51 JFK Parkway, Short Hills, NJ 07078
Healthcare Defense Glossary

Grand jury subpoena

A grand jury subpoena is a compulsory order issued by a federal grand jury, usually at the request of a U.S. Attorney, requiring the production of documents (subpoena duces tecum) or testimony (subpoena ad testificandum) in connection with a criminal investigation. Service of a grand jury subpoena signals an active criminal investigation, even where the recipient is not yet a named target. Fifth Amendment, attorney-client privilege, and work product doctrine analysis are central to the response.

How a grand jury subpoena works

The grand jury sits in secret under Federal Rule of Criminal Procedure 6. A subpoena issues over the signature of the clerk and is served by the U.S. Marshals Service or by mail. The return date is typically 30 days from service, though prosecutors routinely negotiate. The recipient has a duty to preserve responsive materials from the moment the subpoena is served, and destruction or concealment can expose the recipient to obstruction charges under 18 USC 1503 or 1512.
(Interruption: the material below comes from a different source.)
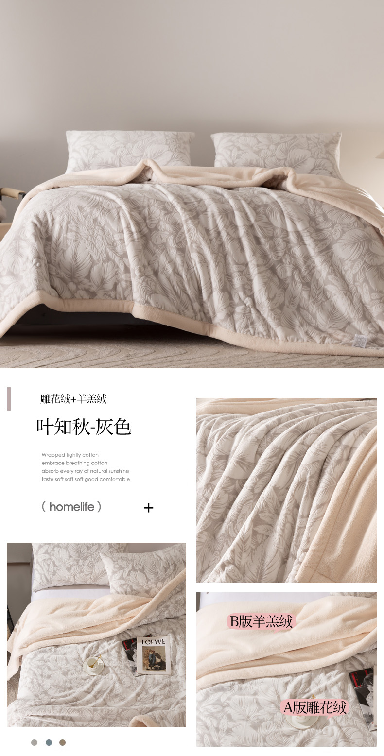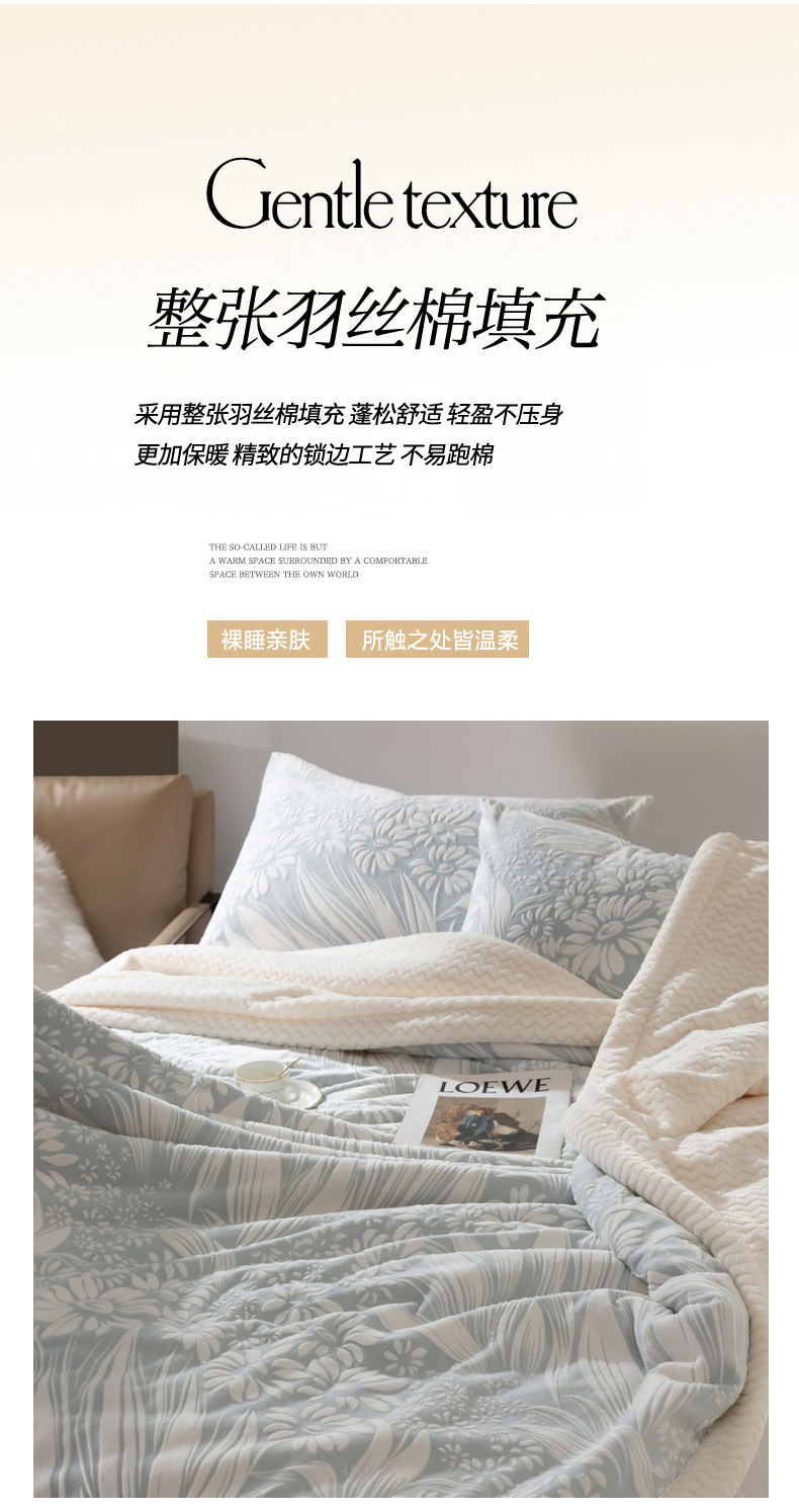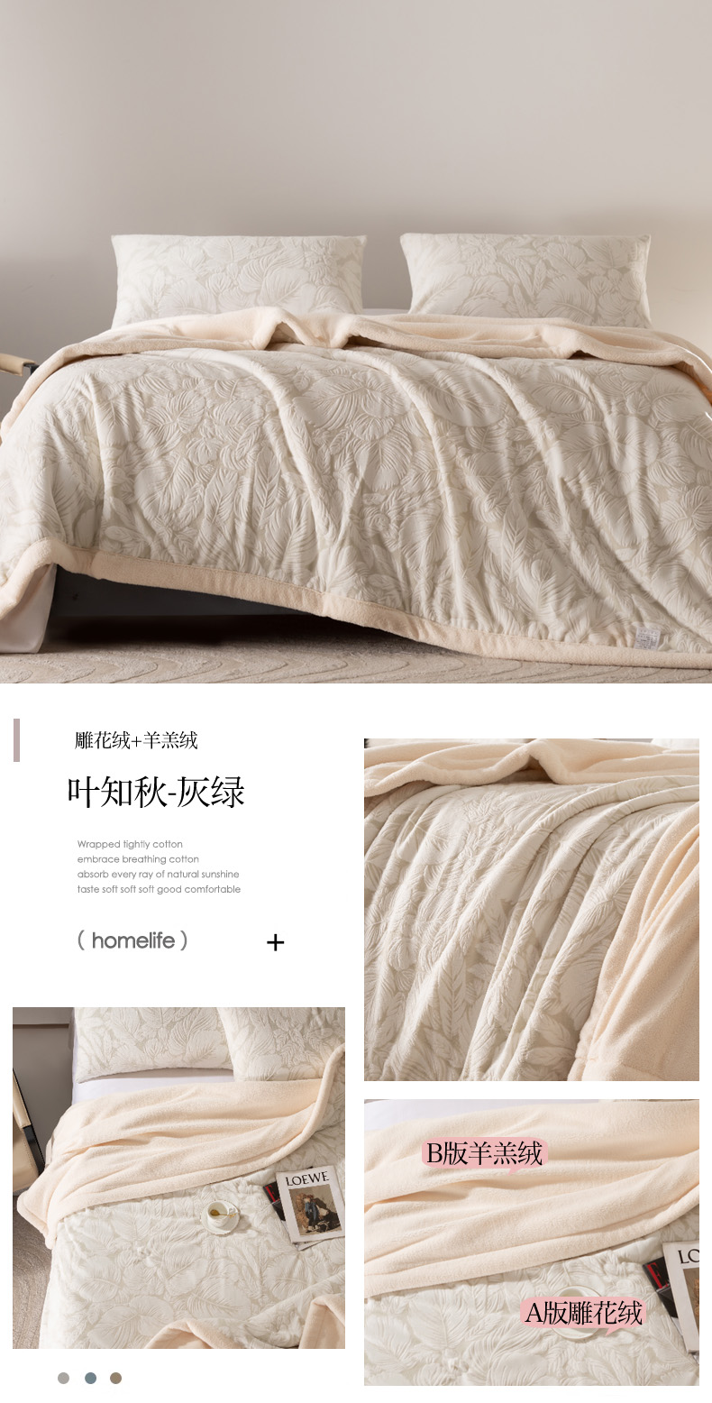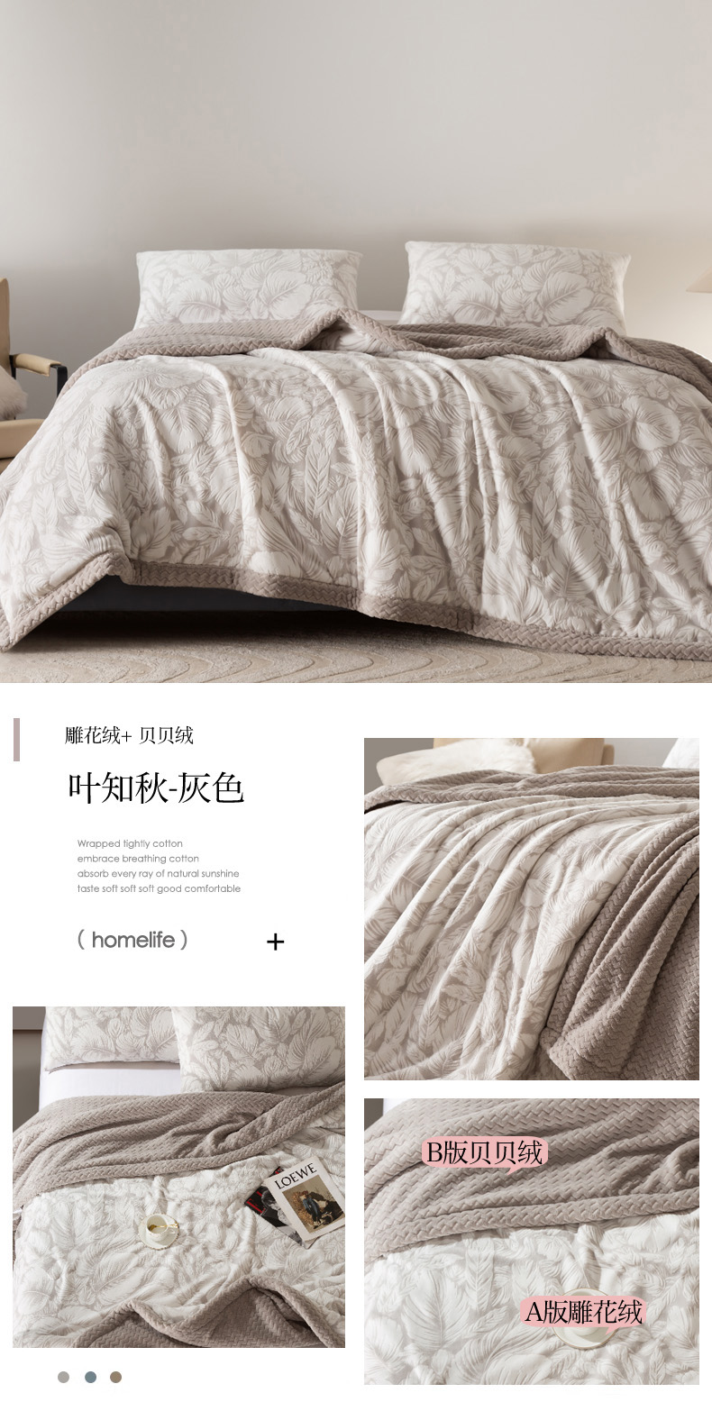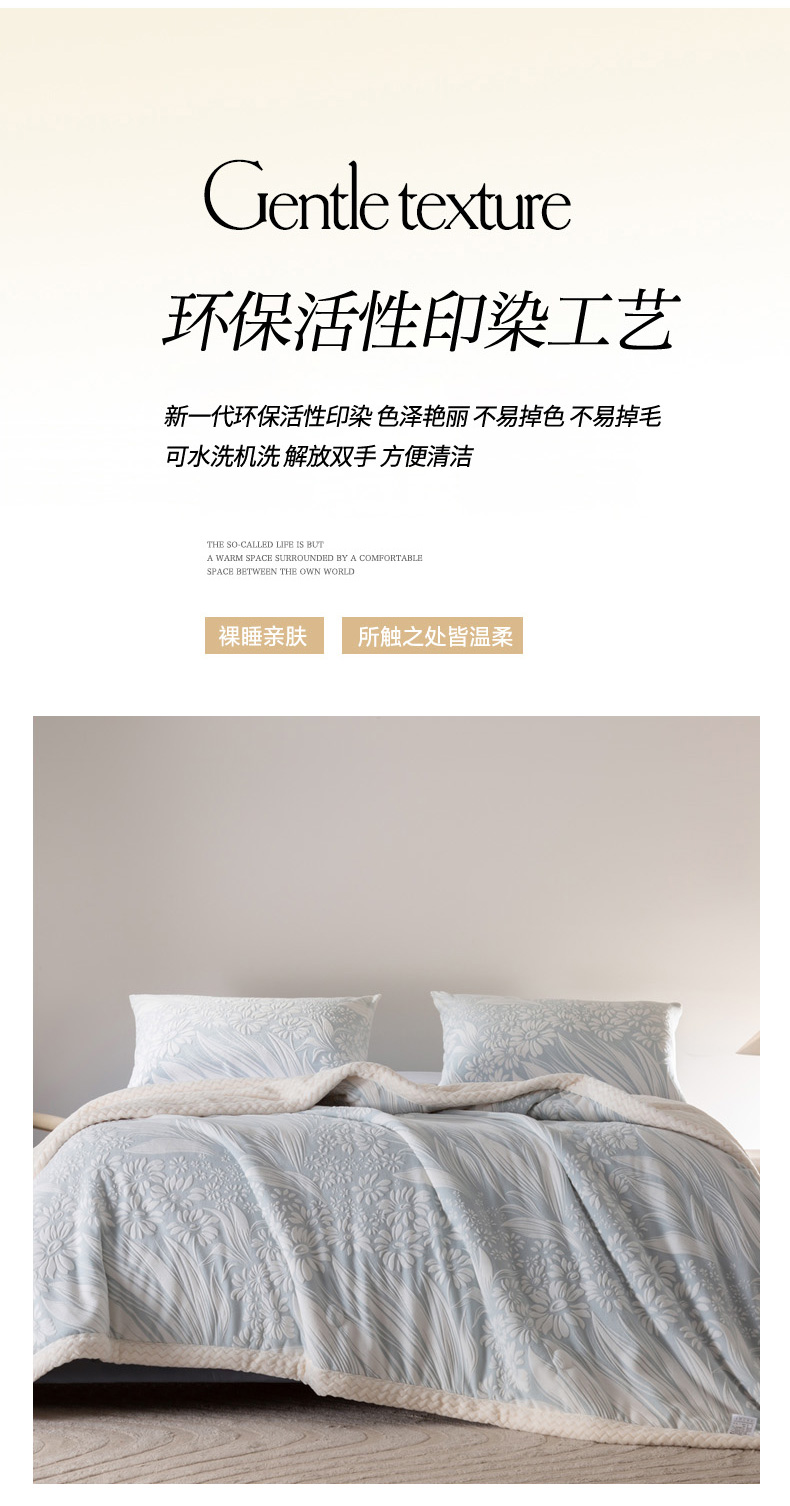 秋冬三层夹棉花卉款雕花绒毛毯

Procedural defenses include motions to quash on overbreadth, undue burden, or relevance grounds; assertion of the Fifth Amendment privilege against self-incrimination for an individual recipient (the act-of-production doctrine governs the application of the Fifth to document production); attorney-client privilege and work product assertions; and First Amendment, marital, or other testimonial privileges as the facts allow. The grand jury secrecy rule (Rule 6(e)) limits what prosecutors can disclose about the investigation, and counsel for the recipient navigates the response without knowing the full scope of the grand jury's work.
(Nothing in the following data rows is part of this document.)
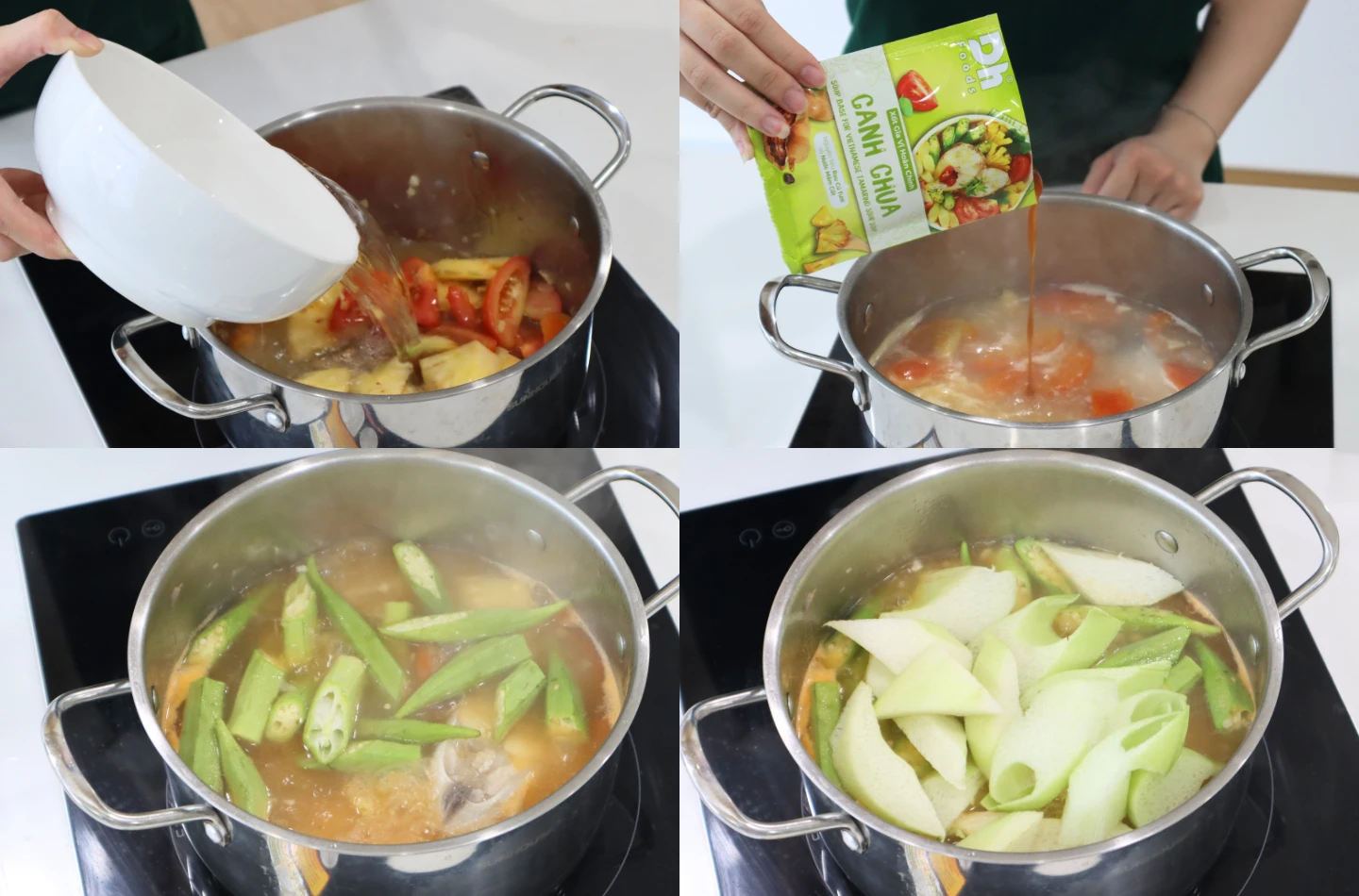 Sau khi xào thơm và cà chua, đổ thêm 700ml nước vào nồi và đun sôi trên lửa lớn. Khi nước sôi, cho cá vào nấu khoảng 5 phút trên lửa vừa để cá chín tới. Sau đó, cho một gói Xốt Gia Vị Hoàn Chỉnh Canh Chua Dh Foods vào và khuấy đều, không cần nêm thêm gia vị.
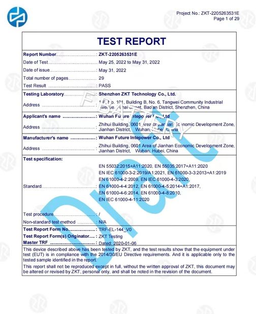 LA CHINE Wuhan Future Intepower Co., Ltd. Certifications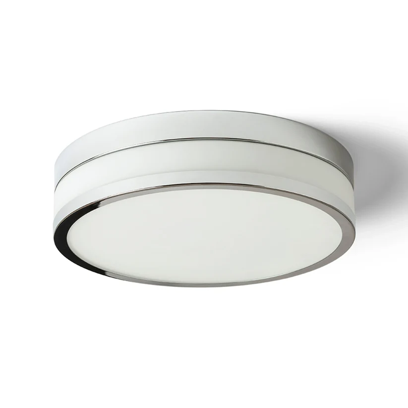 Lampă rotundă de plafon cu LED integrat, cu abajur din sticlă plată opal și cadru metalic rezistent. Oferă o iluminare uniformă și plăcută și este potrivită pentru medii umede, precum băi sau bucătării, datorită clasificării IP44, combinând funcționalitatea cu designul modern.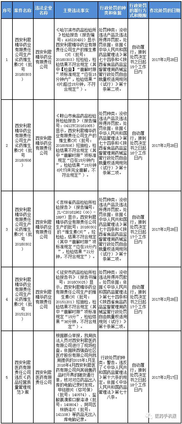 具體來(lái)看,西安利君精華藥業(yè)有限責(zé)任公司涉及4起案件,分別是生產(chǎn)不同批次的劣藥維生素C片;西安利君醫(yī)藥有限責(zé)任公司則因違反《藥品經(jīng)營(yíng)質(zhì)量管理規(guī)范》,被警告。

When a grand jury subpoena applies

Grand jury subpoenas issue in criminal healthcare fraud investigations under 18 USC 1347, kickback investigations under 42 USC 1320a-7b, controlled substance investigations, money laundering investigations, and conspiracy investigations that frequently accompany healthcare fraud charges. They may be served on the suspected violator, on related corporate entities, on third parties (banks, vendors, employees), or on professional advisors subject to applicable privileges.

The recipient's exposure under a grand jury subpoena

The most acute exposure is criminal: indictment, conviction, imprisonment, fines, and forfeiture. Healthcare-specific consequences include mandatory exclusion from federal programs after certain convictions and the loss of DEA registration and state license. Collateral exposures run alongside the criminal track: parallel civil FCA liability, regulatory action, and reputational consequences. The defense framework focuses on the privilege analysis, parallel civil-criminal coordination, Fifth Amendment posture for individual witnesses, witness preparation under grand jury secrecy rules, and the strategic use of the response to position the matter for declination or favorable resolution before indictment.